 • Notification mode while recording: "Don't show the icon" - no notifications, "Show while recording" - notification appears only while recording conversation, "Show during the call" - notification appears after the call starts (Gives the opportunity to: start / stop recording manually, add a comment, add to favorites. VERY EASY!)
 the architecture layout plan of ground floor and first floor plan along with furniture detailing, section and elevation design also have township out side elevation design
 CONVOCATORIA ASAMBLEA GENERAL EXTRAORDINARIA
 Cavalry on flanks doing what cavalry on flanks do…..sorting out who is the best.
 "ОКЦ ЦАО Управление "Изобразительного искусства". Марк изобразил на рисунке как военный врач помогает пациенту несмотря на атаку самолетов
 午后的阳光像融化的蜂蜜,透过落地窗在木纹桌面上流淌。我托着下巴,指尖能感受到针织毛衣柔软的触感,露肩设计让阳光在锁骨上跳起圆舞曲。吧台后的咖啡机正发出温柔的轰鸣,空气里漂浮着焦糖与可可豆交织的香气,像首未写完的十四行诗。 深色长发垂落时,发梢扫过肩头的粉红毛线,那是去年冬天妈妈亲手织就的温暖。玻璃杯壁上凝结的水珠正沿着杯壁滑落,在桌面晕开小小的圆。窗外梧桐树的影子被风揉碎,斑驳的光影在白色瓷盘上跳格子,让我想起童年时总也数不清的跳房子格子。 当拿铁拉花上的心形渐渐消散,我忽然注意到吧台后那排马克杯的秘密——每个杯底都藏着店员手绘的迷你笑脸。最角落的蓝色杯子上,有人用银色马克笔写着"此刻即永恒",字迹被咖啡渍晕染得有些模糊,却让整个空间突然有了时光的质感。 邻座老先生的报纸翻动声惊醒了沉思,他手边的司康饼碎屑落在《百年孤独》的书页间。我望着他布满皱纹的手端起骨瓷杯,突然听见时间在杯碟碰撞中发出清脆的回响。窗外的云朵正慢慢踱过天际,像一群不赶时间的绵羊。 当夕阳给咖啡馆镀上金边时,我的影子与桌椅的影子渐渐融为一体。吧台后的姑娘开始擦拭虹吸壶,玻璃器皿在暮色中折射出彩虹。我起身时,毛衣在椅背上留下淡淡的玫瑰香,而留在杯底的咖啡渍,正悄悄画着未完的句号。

━━━━━━━━━━━━━━━━━━━━━━━━━━━━━━

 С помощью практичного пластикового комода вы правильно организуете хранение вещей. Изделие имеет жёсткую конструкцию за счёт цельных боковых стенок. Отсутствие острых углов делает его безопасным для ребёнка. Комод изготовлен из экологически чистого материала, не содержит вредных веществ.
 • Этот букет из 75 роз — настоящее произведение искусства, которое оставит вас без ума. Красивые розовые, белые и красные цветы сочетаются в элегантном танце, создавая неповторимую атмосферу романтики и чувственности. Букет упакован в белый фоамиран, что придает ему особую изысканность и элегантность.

━━━━━━━━━━━━━━━━━━━━━━━━━━━━━━

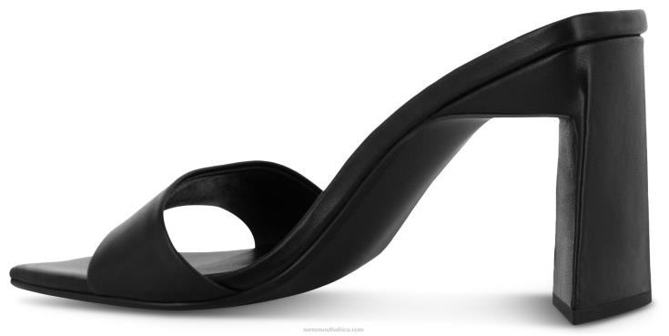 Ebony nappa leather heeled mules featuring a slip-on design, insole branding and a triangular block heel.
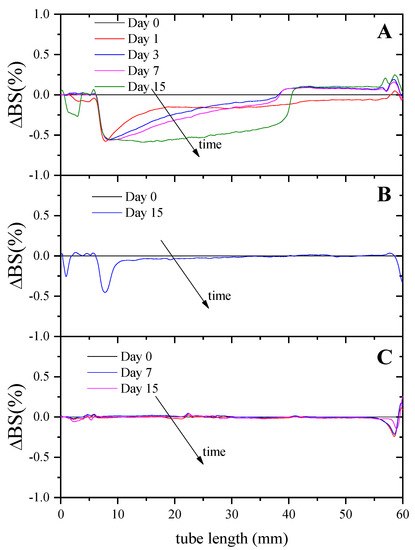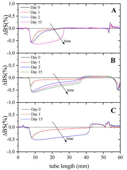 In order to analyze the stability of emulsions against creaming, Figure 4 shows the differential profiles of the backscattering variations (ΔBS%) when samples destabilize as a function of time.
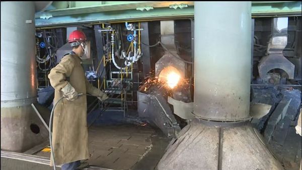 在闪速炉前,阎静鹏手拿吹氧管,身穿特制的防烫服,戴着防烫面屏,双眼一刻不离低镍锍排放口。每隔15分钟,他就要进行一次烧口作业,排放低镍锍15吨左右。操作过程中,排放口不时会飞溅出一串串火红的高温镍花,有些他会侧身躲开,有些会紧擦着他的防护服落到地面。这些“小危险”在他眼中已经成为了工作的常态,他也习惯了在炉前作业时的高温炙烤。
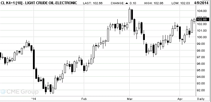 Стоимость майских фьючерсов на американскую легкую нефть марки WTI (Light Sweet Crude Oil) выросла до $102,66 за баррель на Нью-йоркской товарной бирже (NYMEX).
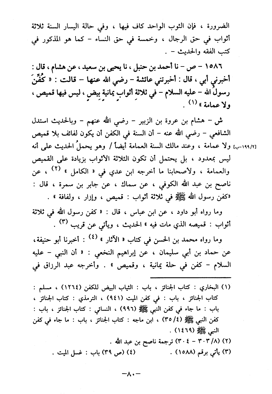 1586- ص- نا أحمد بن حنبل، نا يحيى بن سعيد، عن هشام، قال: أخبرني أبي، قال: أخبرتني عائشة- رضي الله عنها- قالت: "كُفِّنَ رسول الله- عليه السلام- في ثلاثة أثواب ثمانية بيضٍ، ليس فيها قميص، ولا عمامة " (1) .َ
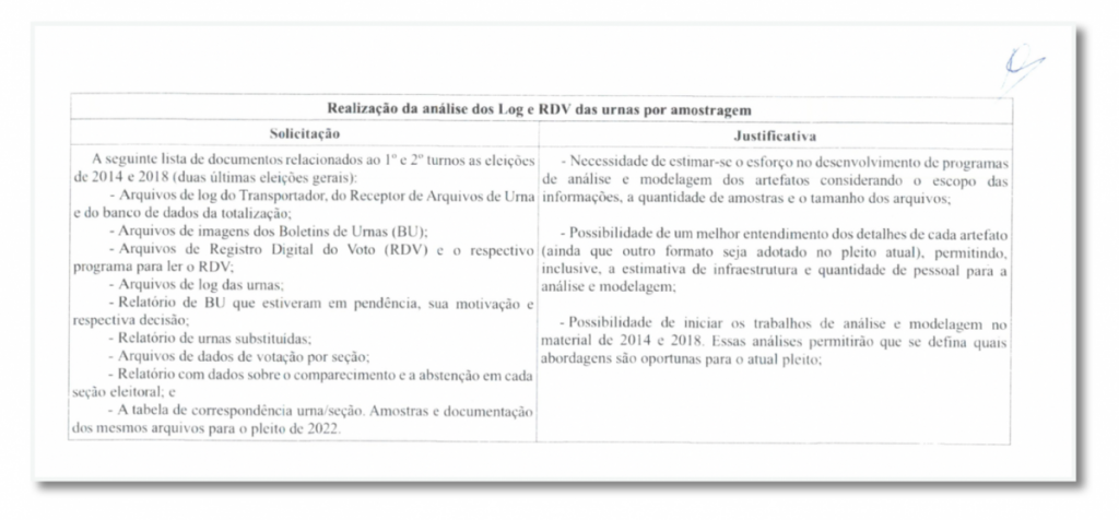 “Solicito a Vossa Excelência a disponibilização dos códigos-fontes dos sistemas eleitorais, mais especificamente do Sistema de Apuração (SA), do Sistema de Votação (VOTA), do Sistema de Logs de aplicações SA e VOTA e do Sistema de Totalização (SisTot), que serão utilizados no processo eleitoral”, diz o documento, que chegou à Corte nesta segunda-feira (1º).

━━━━━━━━━━━━━━━━━━━━━━━━━━━━━━

**ACTIVITY**
Please copy the lines above exactly, starting at the line that holds "Стоимость майских фьючерсов" and ending at the line that holds "1586- ص- نا"; include both, but no pictures.

**RESPONSE**
 Стоимость майских фьючерсов на американскую легкую нефть марки WTI (Light Sweet Crude Oil) выросла до $102,66 за баррель на Нью-йоркской товарной бирже (NYMEX).
 1586- ص- نا أحمد بن حنبل، نا يحيى بن سعيد، عن هشام، قال: أخبرني أبي، قال: أخبرتني عائشة- رضي الله عنها- قالت: "كُفِّنَ رسول الله- عليه السلام- في ثلاثة أثواب ثمانية بيضٍ، ليس فيها قميص، ولا عمامة " (1) .َ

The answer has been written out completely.